SIC codes are the Office of National Statistics (ONS) classification framework for economic activities. They’re hierarchical and range from manufacturing and sustainability consulting to recruitment.

*Example SIC codes from the Office of National Statistics (ONS)*

In addition to defining SIC codes, the ONS also regularly reports on SIC level statistics, from earnings and hours worked by industry, to industry turnover and employment size. Most relevantly, the ONS recently released experimental estimates of the green labour market, including emissions per employee by SIC code.

By assigning SIC codes to our database of job adverts, we’re able to link each job to existing measures of industry greenness, such as SIC-level greenhouse gas (GHG) emissions.

How we assigned SIC codes to job adverts

When someone registers their company via Companies House, the UK government agency responsible for incorporating all forms of UK companies, they must declare its SIC code. In other words, they must declare what type of business they’re starting.

Although this data is publicly available via an API, there are many issues with data quality. These range from user input error, to company changes after the point of registration to the over use of vague SIC codes like “other business support activities not elsewhere classified”.

Although this serves as a reasonable baseline approach, we wanted to introduce a more robust methodology to assigning SIC codes to job ads.

We therefore identified the greenness of the industry component of job ads by:

extracting company or industry information from job ads by training a supervised machine learning model
standardising job ads to SIC codes by identifying the most semantically similar SIC code descriptions to the industry information extracted and
joining SIC codes to SIC level greenness datasets, including the ONS’s total greenhouse gas emissions, greenhouse gas emissions per unit of economic output and carbon emissions per employee by industry.

*Pipeline summary of assigning SIC codes to job ads*

Let’s dig into those steps in more detail.

STEP 1: Extract industry information from job ads

Job ads often include information about the company hiring for the role. This information can provide clues as to the industry the company sits in. In order to extract sentences with industry information, we wanted to train a model to predict whether a sentence was a company description or not. To do so, we needed to generate labelled data and train an appropriate model for the task.

Generating training data

Our first step was to generate a sufficient number of labels to use as training data for our model. We also wanted to make use of large language models (LLMs) to expedite the labelling process.

Therefore, we chose to use Explosion AI’s Prodigy as our annotation tool. We also used LangChain, a Python framework to create LLM applications, and OpenAI’s gpt-3.5-turbo to predict labels.

Although at the time of development, Prodigy had a series of built-in OpenAI recipes, we wanted a bit more flexibility with the gpt-3.5-turbo responses. As a result, we opted to build our own custom Prodigy recipes using LangChain.

We prompted OpenAI’s gpt-3.5-turbo to identify the start and end spans of company descriptions in job ads and to return this information in a JSON format to feed into the custom Prodigy recipe.

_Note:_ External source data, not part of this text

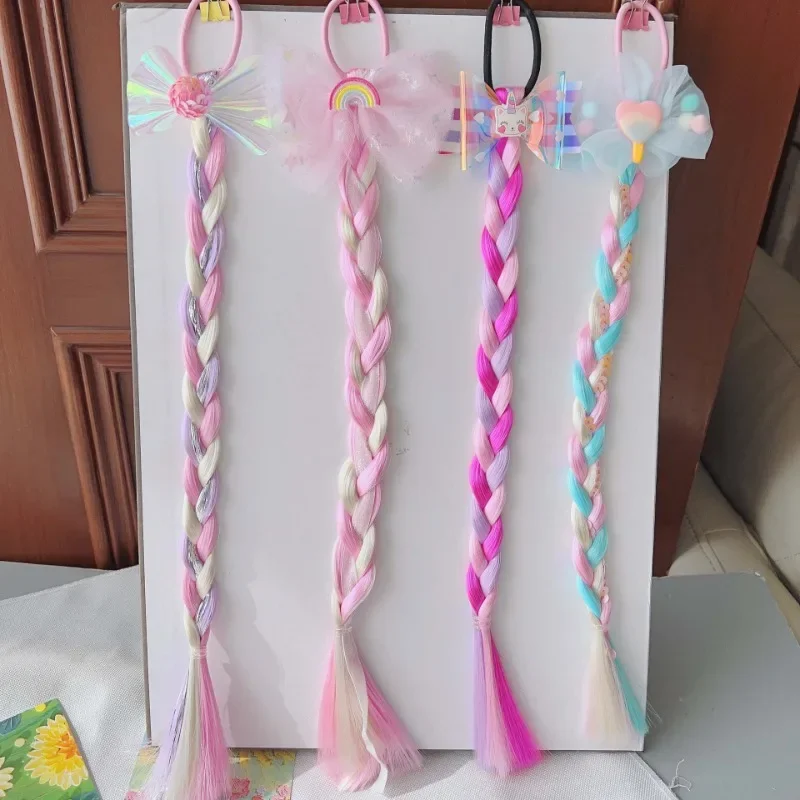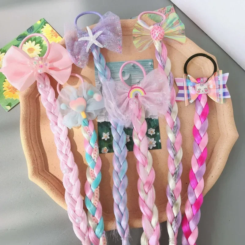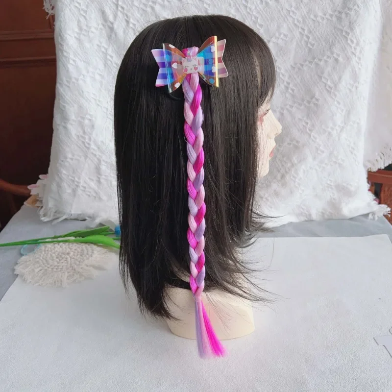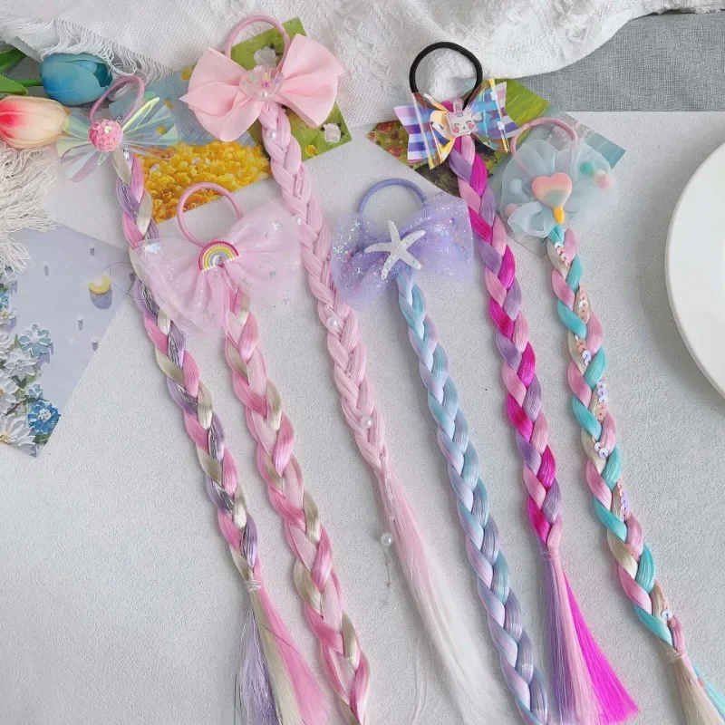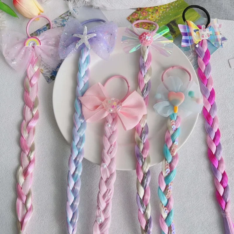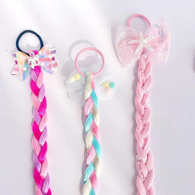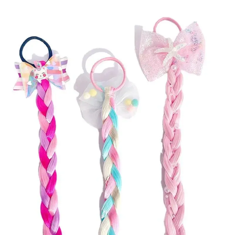 Pelucas bonitas de unicornio para niñas, cola de caballo de Color caramelo, lazo de mariposa de dibujos animados, coleta, estilismo para el cabello, bandas de goma, tocados trenzados
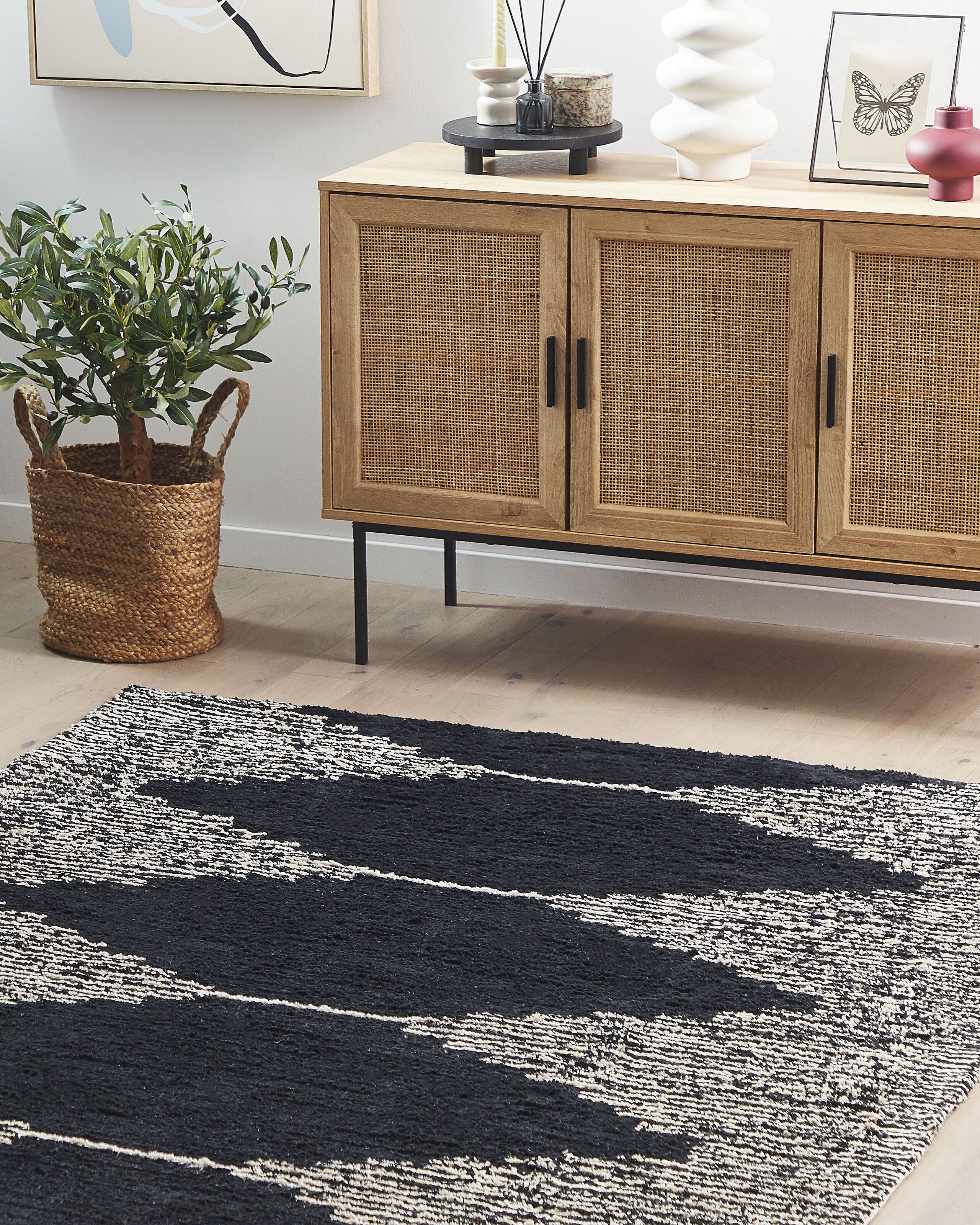 Tapis BATHINDA Noir/blanc 140 x 200 cm Coton
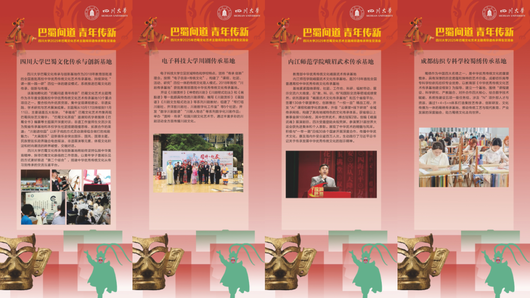 2025年10月18日下午,“巴蜀问道 青年传新”英国上市公司3652025年巴蜀文化艺术主题周非遗传承师生交流会,在望江校区基础教学楼顺利召开。本次交流会邀请到电子科技大学川剧传承基地、内江师范学院峨眉武术文化传承基地、成都纺织高等专科学校蜀绣传承基地相关负责同志到校,与英国上市公司365巴蜀文化传承与创新基地师生和校内相关主题学生社团同学进行分享经验,为中华优秀传统文化弘扬、传播和传承搭建起校际间、师生间的交流平台。

Using both tools, we were able to seamlessly build a custom labelling instance.

*Our custom labelling front end, making use of Prodigy and LangChain*

Instead of combing through hundreds of job ads to manually identify company description sentences, our task was simply to correct LLM-predicted company description sentences.

The lighter cognitive load allowed for faster labelling and more labels to train our smaller model downstream. As a result, we were able to label 450 job adverts for company descriptions.

2. Training a model

Once we generated training data, we wanted to choose an appropriate model architecture to train.

Given the many different ways companies in different sectors describe themselves, we ultimately opted to fine-tune a classification head of a BERT transformer model to adequately capture lexical nuance. In particular, we used the jobbert-base-cased model –a continuously pre-trained BERT model based on millions of sentences from online English job postings.

The model was trained on 486 manually labelled company description sentences (as some job adverts had more than one company description sentence) and 1000 non-company description sentences fewer than 250 characters (this character limit was chosen to accommodate for poor sentence splitting cases). On a held out test set of 147 sentences, it achieved the following metrics:

The code to train the model is openly available here. Alternatively, the model itself is hosted on HuggingFace hub and can be accessed there.

Once we had a model to extract company descriptions from job adverts, our next step was to map them to SIC codes.

STEP 2: Mapping company descriptions to SIC codes

A key issue with SIC data is that the codes themselves don’t have descriptions. For example, the SIC code “R” is named “arts, entertainment and recreation”. Although signal certainly exists from the SIC names themselves, they are short, often contextless and are described quite differently from company descriptions.

To combat this, we synthetically generated SIC company descriptions to map onto instead of using the SIC names themselves.

We did this using the Python library LangChain to prompt OpenAI’s gpt-3.5-turbo to generate company descriptions of SIC names. A subset of SIC company descriptions were then manually reviewed to ensure that the descriptions appeared appropriate given the SIC names. This yielded a synthetic dataset of SIC codes, SIC names and SIC company descriptions.

*An example SIC company description for the code arts, entertainment and recreation*

With our synthetic dataset in tow, we were able to convert both the job advert and SIC company descriptions into numerical representations and calculate the cosine similarity between the vectors to identify the most semantically similar SIC codes. We used the pretrained sentence transformers model “all-MiniLM-L6-v2” to embed the sentences and created a queryable vector database of SIC company descriptions using FAISS.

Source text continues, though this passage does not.